Through experiments on isolated cells, the researchers discovered that HDAC inhibitors prevented fibroblasts from becoming activated and tumor supportive. “Using HDAC inhibitors actually did two things—it both turned down the growth signals from the fibroblasts to the cancer cells and it reduced the actual activation and accumulation of the fibroblasts,” said Gaoyang Liang, PhD, first author and research associate in Evans’ lab.
Through studies in mice, the researchers also found that one experimental HDAC inhibitor, entinostat, both reduced the activation of fibroblasts around pancreatic tumors and slowed tumor growth. And when the researchers analyzed data from humans with pancreatic cancer, they discovered that the higher the levels of HDAC1 in the fibrotic tissue around a patient’s tumor, the worse the patient’s outcome. Downes commented, “This is in agreement with what we saw in cells and in mice. If you have more HDAC activities in the fibroblasts, you have a worse outcome. On the other hand, if you inhibit the HDACs, you have a better outcome.” The authors also stated in their paper, “The fact that stromal HDAC expression predicts poor prognosis in PDAC patients further supports the essential roles of stromal HDACs in contributing to PDAC progression.”

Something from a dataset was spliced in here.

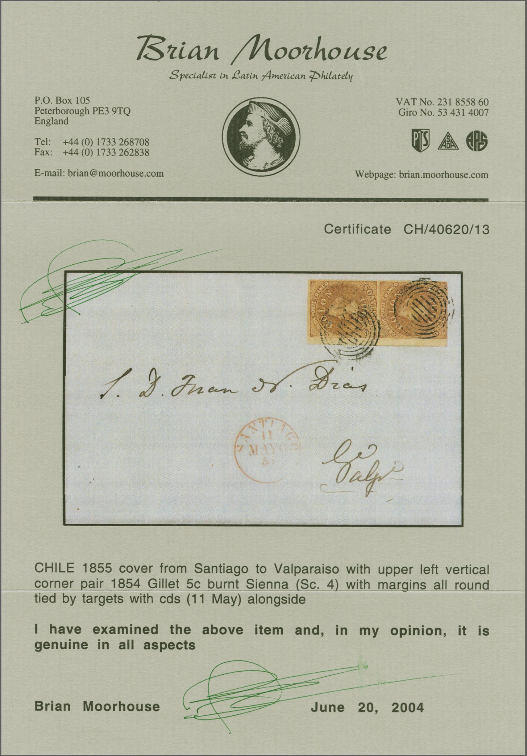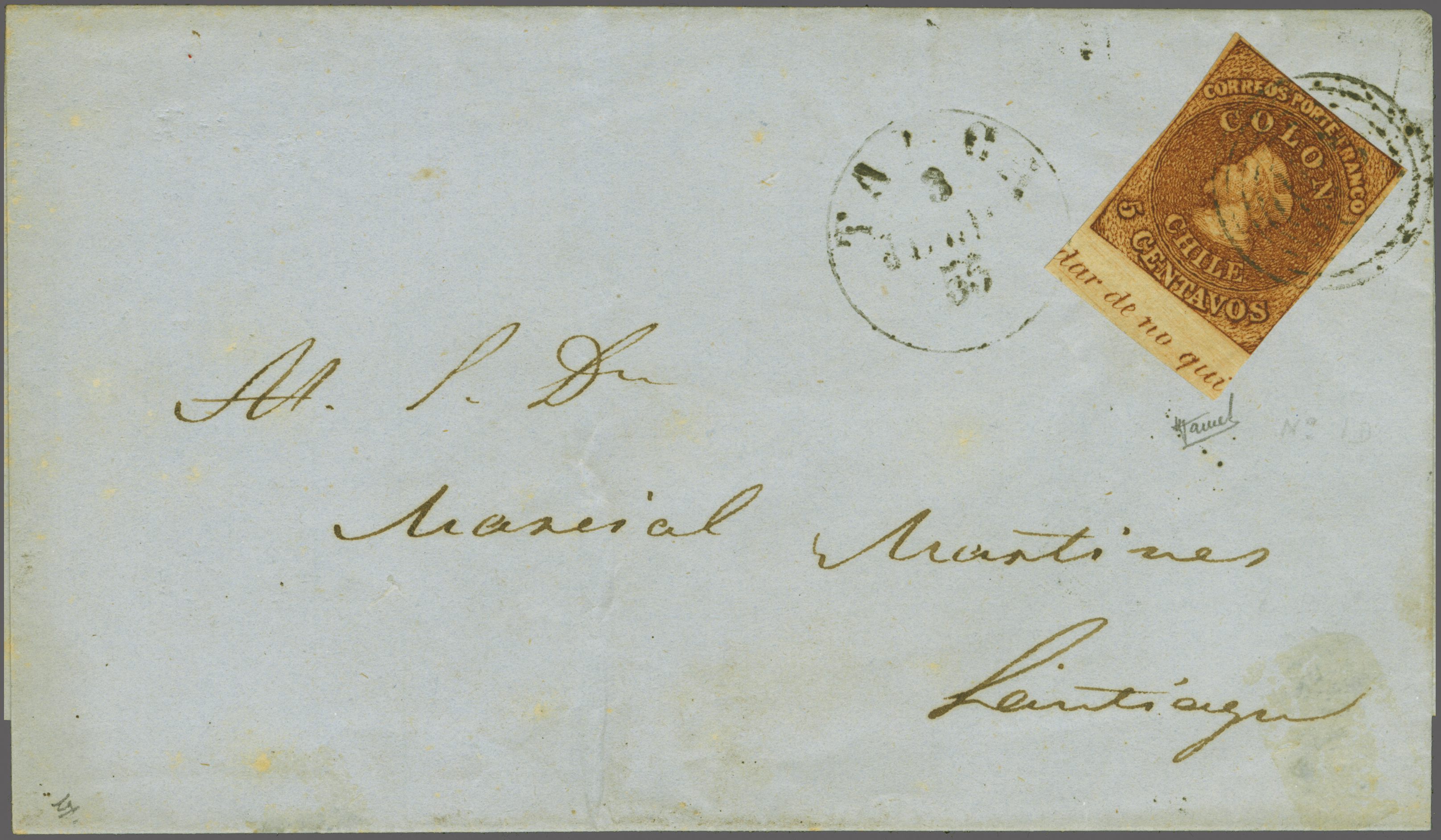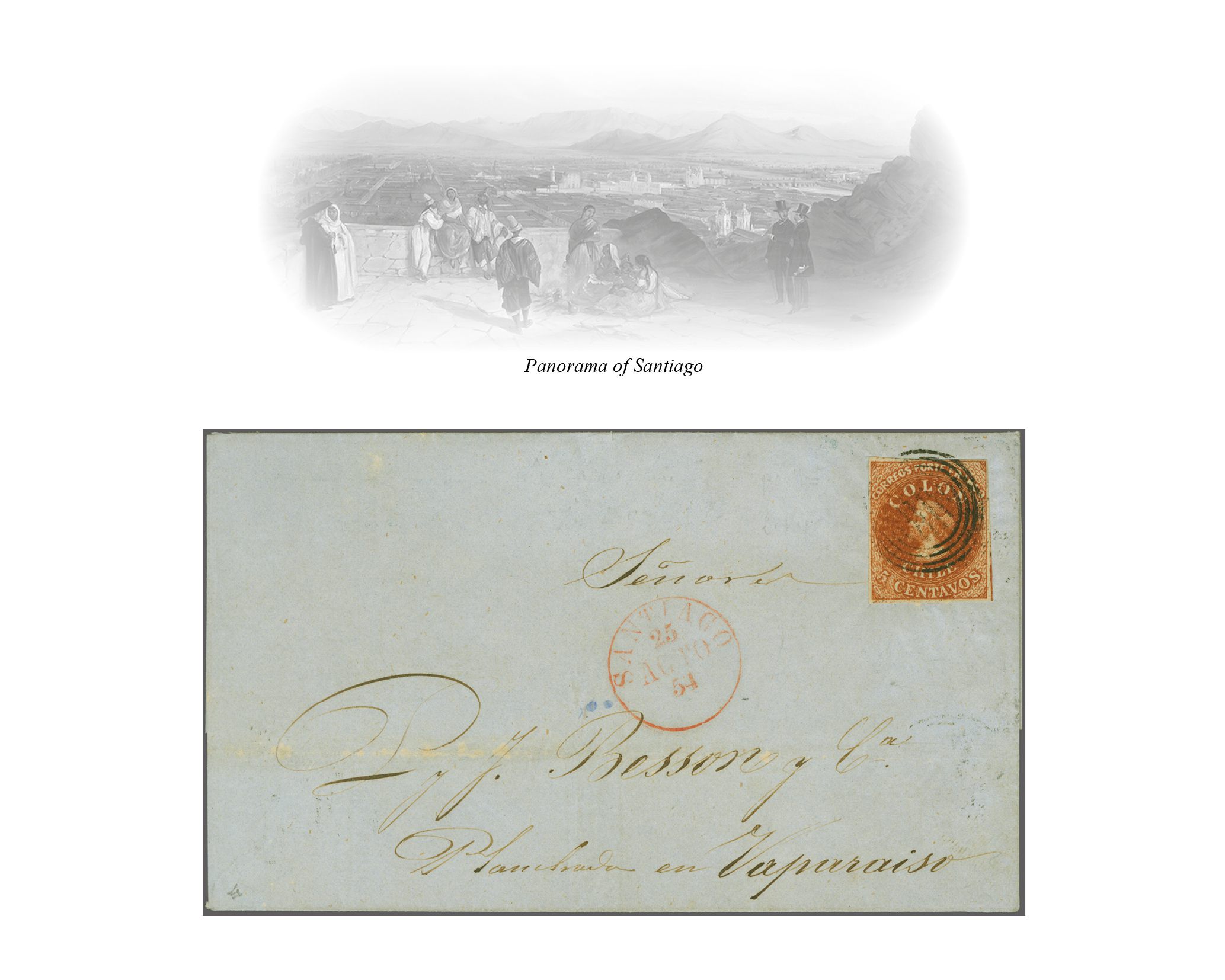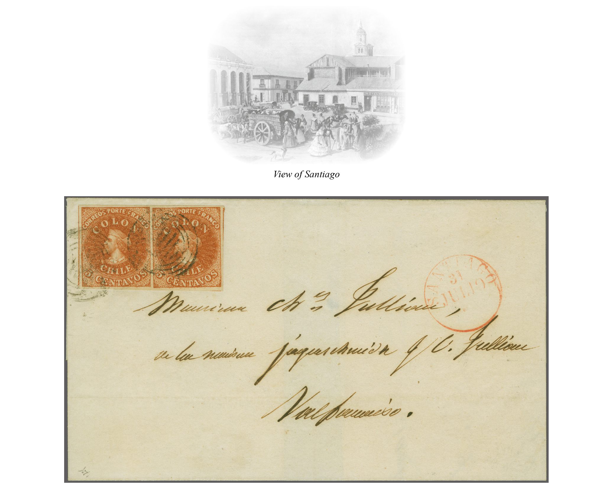 Cert. Sismondo (2004). Note: The adhesives on this cover are illustrated in "Chile - The First Issues of Postage Stamps" by Gerhard Blank on plate 29. Provenance: Collection P. Marticorena (Image 1)

HDAC inhibitors work by preventing cells from activating certain genetic programs, and the researchers wanted to know which stretches of DNA impacted by the drugs were most relevant for fibroblast activation. They identified several genes that HDAC inhibitors prevent from being expressed—suggesting that new drugs could target those genes to keep fibroblasts from becoming activated and promoting cancer growth and fibrosis. In conclusion, the team noted, “our study uncovers important roles of HDACs in regulating the transcriptional programs driving stromal activation and pro-tumorigenicity and provides the scientific foundation for using HDACi as a potent stromal targeting strategy.”
Co-author Annette Atkins, PhD, who is a senior research scientist in Evans’ lab, pointed out, “There have been some questions in the past about whether targeting fibroblasts is a good thing or a bad thing in pancreatic cancers, because people have shown that if you get rid of fibroblasts altogether it actually makes the cancers more aggressive. “But what our results suggest is that we don’t have to get rid of them; just limiting their activation is beneficial.”
More work is needed to pinpoint how to best deliver HDAC inhibitors to the dense fibrotic tissue around pancreatic tumors, as well as how they might be most effectively combined with other cancer treatments. As the authors suggested, “Along with recent findings that HDAC inhibitors sensitize tumors to immune checkpoint blockades and other epigenetic agents, our data highlight the potential of this class of epigenetic modulators in PDAC therapeutics. Strategies to boost the efficacy of HDACi should be developed in a quest for successful clinical translation.”